[Start of section]

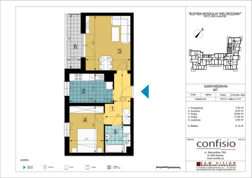 1. Przedpokój 2. Kuchnia 3. Pokój 4. Pokój 5. Łazienka 6
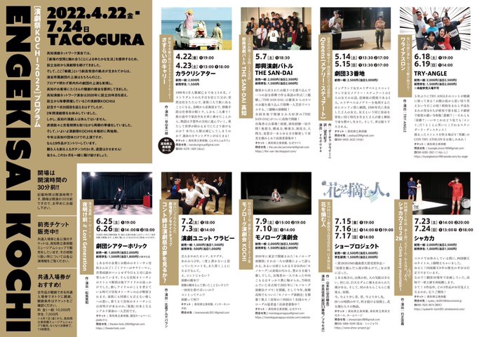 🌸演劇祭KOCHI、3年振りに開催されます!4/22(金)カラクリシアターを皮切りに、多彩な劇団の作品が見放題な3か月!我々シャカ力はトリを飾る7/23(土)・24(日)!お得な共通入場券は4/1(金)より高知県立美術館ミュージアムショップで発売!ぜひお買い求めください!詳しくは⇒https://t.co/sRzGMzuMnf
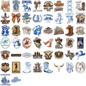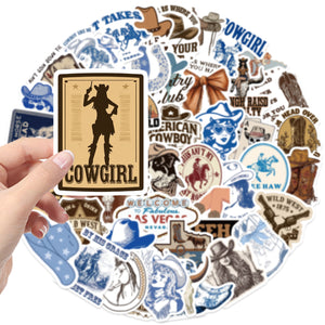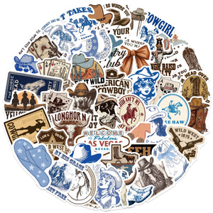 1223 50 western cowboy Stickers solid with white border
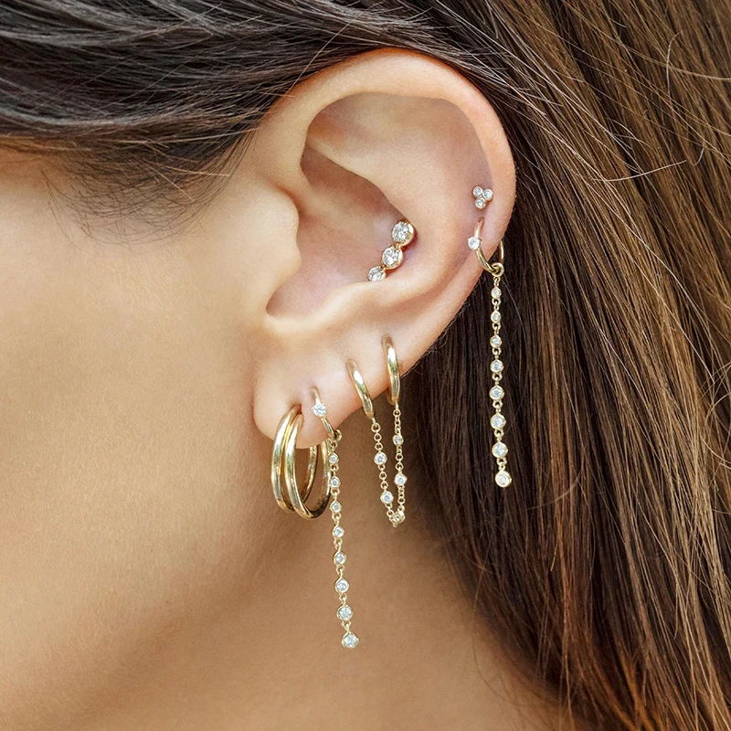 Серебро 925 пробы, корейский стиль, Хрустальная подвеска, цепочка, серьги-кольца, минималистичные CZ серьги, модные ювелирные изделия для женщин, подарки на день рождения
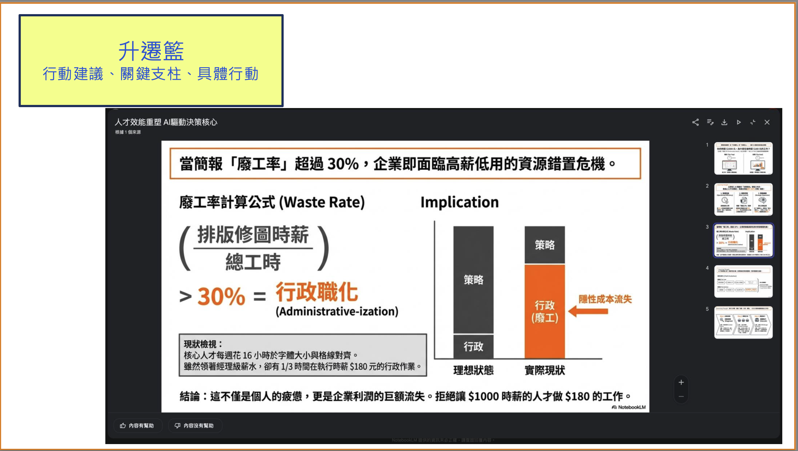 「升遷籃」:追求「勝」。這是最重要的場合,如年度策略報告,應利用 AI 進行深度對話與輔助邏輯架構。
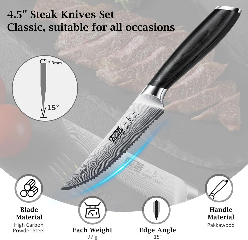 HOSHANHO 6-Teilig Steakmesser-Set, 11,5 cm Steakmesser Set mit Japanischer Wellenschliffklinge, Ultr
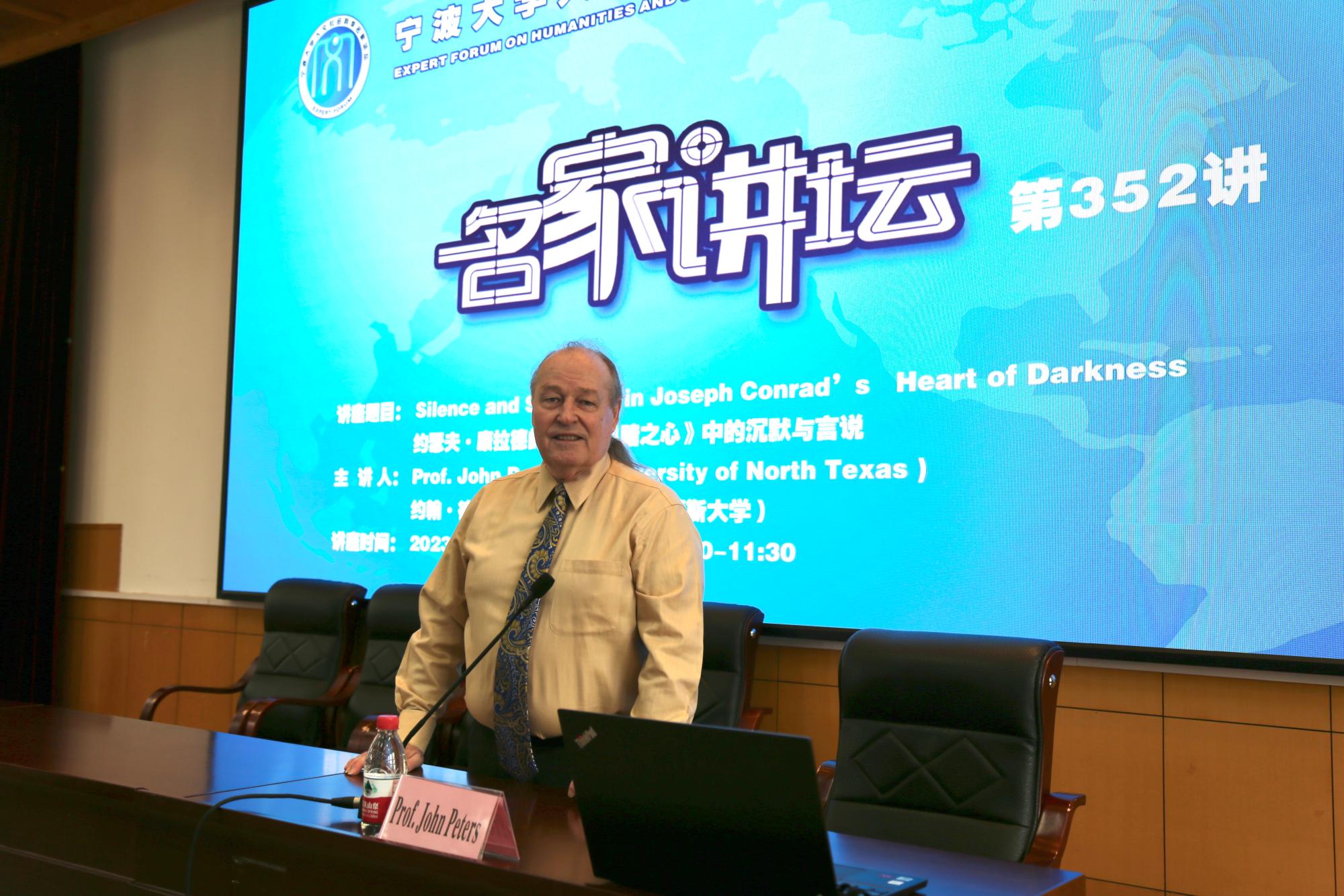 2023523日上午,应啪啪啦 的邀请,美国北德克萨斯大学杰出教授约翰·彼得斯(John Peters)为啪啪啦 师生作了题为“约瑟夫·康拉德的小说《黑暗之心》中的沉默与言说”(Silence and Speaking in Joseph Conrad's Heart of Darkness)的学术报告。本次讲座由王松林教授主持,啪啪啦 教师以及本科生和研究生逾百人聆听了讲座。

[End of section]

• Activity: Provide the listing above once more, exactly, with the pictures removed.

• The answer:
 1. Przedpokój 2. Kuchnia 3. Pokój 4. Pokój 5. Łazienka 6
 🌸演劇祭KOCHI、3年振りに開催されます!4/22(金)カラクリシアターを皮切りに、多彩な劇団の作品が見放題な3か月!我々シャカ力はトリを飾る7/23(土)・24(日)!お得な共通入場券は4/1(金)より高知県立美術館ミュージアムショップで発売!ぜひお買い求めください!詳しくは⇒https://t.co/sRzGMzuMnf
 1223 50 western cowboy Stickers solid with white border
 Серебро 925 пробы, корейский стиль, Хрустальная подвеска, цепочка, серьги-кольца, минималистичные CZ серьги, модные ювелирные изделия для женщин, подарки на день рождения
 「升遷籃」:追求「勝」。這是最重要的場合,如年度策略報告,應利用 AI 進行深度對話與輔助邏輯架構。
 HOSHANHO 6-Teilig Steakmesser-Set, 11,5 cm Steakmesser Set mit Japanischer Wellenschliffklinge, Ultr
 2023523日上午,应啪啪啦 的邀请,美国北德克萨斯大学杰出教授约翰·彼得斯(John Peters)为啪啪啦 师生作了题为“约瑟夫·康拉德的小说《黑暗之心》中的沉默与言说”(Silence and Speaking in Joseph Conrad's Heart of Darkness)的学术报告。本次讲座由王松林教授主持,啪啪啦 教师以及本科生和研究生逾百人聆听了讲座。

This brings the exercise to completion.